Magazine Bien-être
Comment dire en quelques mots le chemin parcouru entre l’annonce et la guérison ?
« Annonce «, un mot écrit sur une convocation dans un centre de cancérologie, annonce de ce que l’on sait déjà, que l’on ne sent pas, que l’on ne voit pas mais que l’on sait.
Annonce qu’ON va vous opérer, vous faire absorber plus de chimie que vous n’en avez absorbé tout au long de votre vie, que vous serez sans doute fatiguée, nauséeuse, que vous perdrez peut-être vos cheveux, vos ongles ; peut-être seulement ou sans doute ?
Et si je n’acceptais pas tout ça ? Et si je me contentais de mes aides habituelles, des plantes, des granules, de mon souffle, de l’amour autour de moi, de la vie et de la joie en moi... et si?
J’ai hésité longtemps puis j’ai accepté.
J’ai accepté mais je ne me suis pas soumise. J'ai fait la part du feu, accepté en partie pour sauvegarder l’essentiel... L’essentiel, ce que j’aime, ceux que j’aime et qui m’ont aidée, m’ont offert de leur temps, des livres et des fleurs et des chants. De petits points de lumière où la vie se tient et d’où elle peut s’épanouir. Partir de là et remonter avec eux, grâce à eux, partir de ce que je suis, de ce qui m’est proche, de ce que je sais faire et aussi de ce qui m’est encore inconnu, caché, de ce que je ne sais pas. Et je me suis surprise à chanter, à dessiner. Moi qui ne savais ni dessiner ni calligraphier, j’ai couvert des pages de lettres et d’images, des lettres de tous les alphabets que je connaissais, des mots-images et des anges : celui qui annonce en tendant une fleur, celui qui guérit et ouvre les yeux avec le fiel du poisson, celui qui se bat contre le dragon-maladie et celui qui irradie, le porteur de lumière. J’ai transformé mes craintes en messagers d’espoir. J’ai utilisé ma fatigue, je l’ai faite lenteur pour goûter chaque instant, je me suis allongée au soleil d’hiver, j’ai caressé l’écorce des arbres et senti sous leur peau circuler la vie, j’ai regardé l’herbe pousser tout doucement, les oiseaux s’approchaient de moi, plus de crainte.

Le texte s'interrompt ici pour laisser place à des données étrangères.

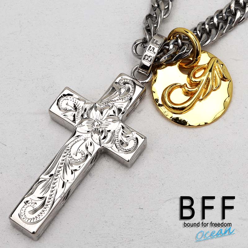 BFF ブランド クロスネックレス ダブル喜平 6面カット マイレ 唐草 メタル ステンレス シルバー 銀色 専用BOX付属

Je me suis donné du repos comme un cadeau très précieux qu’on déballe lentement, je me suis donné du temps pour regarder dehors et dedans, de la douceur.
J’ai médité des heures, dans la lumière et le pépiement des oiseaux, dans l’ombre aussi et le silence, j’ai envoyé dans tous les recoins de mon corps de la lumière et de l’amour. Et mon corps a aimé. Mon corps a consenti à s’unir à mon souffle, à s’apaiser, à regarder venir et s’en aller les vagues de douleur et de fatigue et à passer à autre chose dès que c’était possible, marcher, jardiner, danser puis travailler à nouveau, voyager à nouveau...
Aujourd’hui je me sens guérie, forte, plus forte qu’avant.
Habituellement trois ans après, on ne parle pas de guérison, on dit rémission : «Atténuation ou disparition momentanée des symptômes d’une maladie aiguë ou chronique».
Mais les mots ne sont pas fermés et lorsqu’ils le sont ils demandent qu’on les ouvre. J’ai ouvert rémission, remettre, « remittere » et j’ai trouvé ainsi rendre, détendre, relâcher et encore et surtout faire grâce, restituer. Ma vie a été remise entre mes mains et j’ai envie de la garder, d’en prendre soin, de la faire grandir, de la partager.